Pre-MRMW North America 12: Sean Conry

Tuesday, July 10, 2012

Continuing in our pre-MRMW North America 12 interview series, I got to talk with Sean Conry of Confirmit.  He kicks the interview off with something near and dear to my heart: purposeful, instead of accidental, research.

RM: What are you most excited to share about with us at MRMW and why?  What difference could it make for your audience if they were to implement what you’ll be talking about?

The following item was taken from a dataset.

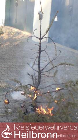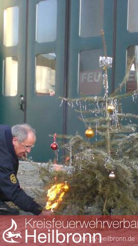 Um zu demonstrieren, wie groß die Feuergefahr ist „und um die Leute vorsichtiger zu machen", sind die Feuerwehrleute im Hof ihrer Heilbronner Leitzentrale selbst zu Brandstiftern geworden. Denn, so Baumann, „die Leute denken immer, ein Baum brennt halt. Aber wie der brennen kann, das wissen die meisten nicht." Um Echtbedingungen zu schaffen, opferten die Retter sogar eigene Christbaumkugeln und Lametta, mit denen sie die Test-Christbäume schmückten. Die Nadelgehölz-Probanden waren Spenden von Baumärkten und Vereins-Weihnachtsfeiern.

SC:  We are going to open by discussing the difference between accidental and purposeful mobile research. Accidental mobile research is happening to us all as the incidence of Smartphone and Tablet ownership continues to rise, and our success is going to be dictated by how well we embrace this reality. We have some interesting stats to share in this regard.
On the other hand, purposeful mobile research is about taking what’s unique about mobile techniques and turning them in to a strategic advantage for your firm (if you are a research agency) or into unique insights that can’t be gained in any other way (if you’re a brand looking to better understand your consumer).
Then we’ll share a classic example of the perfect audience when it comes to purposeful market research, and review the characteristics that make Mobile the perfect choice for furthering your business objectives in a way no other research mode could have equaled.

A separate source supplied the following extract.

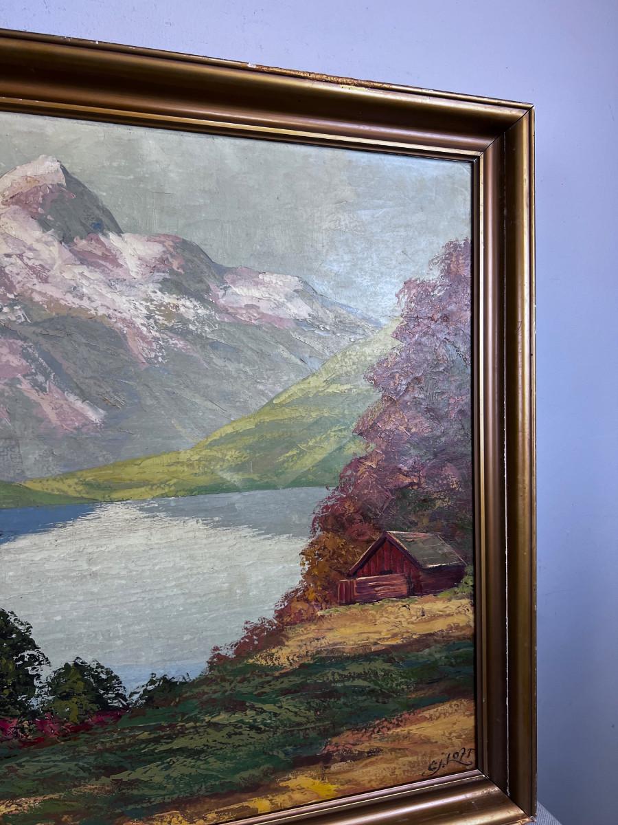 Mountain Lake Oil Painting, Original Signed by C J Loft

RM: I’d love to hear more about this concept of “accidental mobile research.”

SC: In the Confirmit Annual Market Research Software survey, out of 250 global research companies, the average is that about 7% of surveys are being completed on Mobile devices. However, some firms in other presentations have been reporting 12% and higher. In addition, this figure might be underestimating the true demand for making our research mobile since it doesn’t reflect how many people are being screened out, or how many are starting but abandoning surveys because they haven’t been optimized for mobile.  These are largely the surveys that are being taken on mobile because it’s convenient for the respondent, NOT because we asked them to take a survey on their mobile. Both scenarios are important to consider – and many are blind to the fact that they’re unintentionally creating poor experiences.

RM: What engages your imagination in the mobile research in the mobile world space?  Who or what inspires you?  Why?

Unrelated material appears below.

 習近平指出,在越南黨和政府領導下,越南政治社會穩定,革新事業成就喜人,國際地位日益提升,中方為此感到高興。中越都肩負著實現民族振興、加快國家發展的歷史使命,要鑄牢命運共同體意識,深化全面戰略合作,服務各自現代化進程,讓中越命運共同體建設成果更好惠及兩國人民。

SC:  A lot of people might say things like Augmented reality and near field communications… certainly those will bring interesting and important developments, but I think we should first be looking to the companies that are simply getting mobile right in terms of today’s capabilities. The Starbucks App is a perfect example of a mobile experience done so well, that not only are people using the App, but it’s helping to increase sales because they are providing an experience that is beautiful in its elegance and simplicity, yet also highly capable.
However, it doesn’t simply mimic what you can do online - it’s not just a port of their mobile website. It’s built from the ground up to understand how they can provide value to their consumer anytime, anywhere. Researchers should be inspired by the effect thinking this way can have on study participation, and even more so, on the perception of their brand… I hope panel managers are thinking this way in order to continue to retain and engage their panelists, to build engagement, and to keep the value of their critical assets (relationships with people) building, rather than eroding.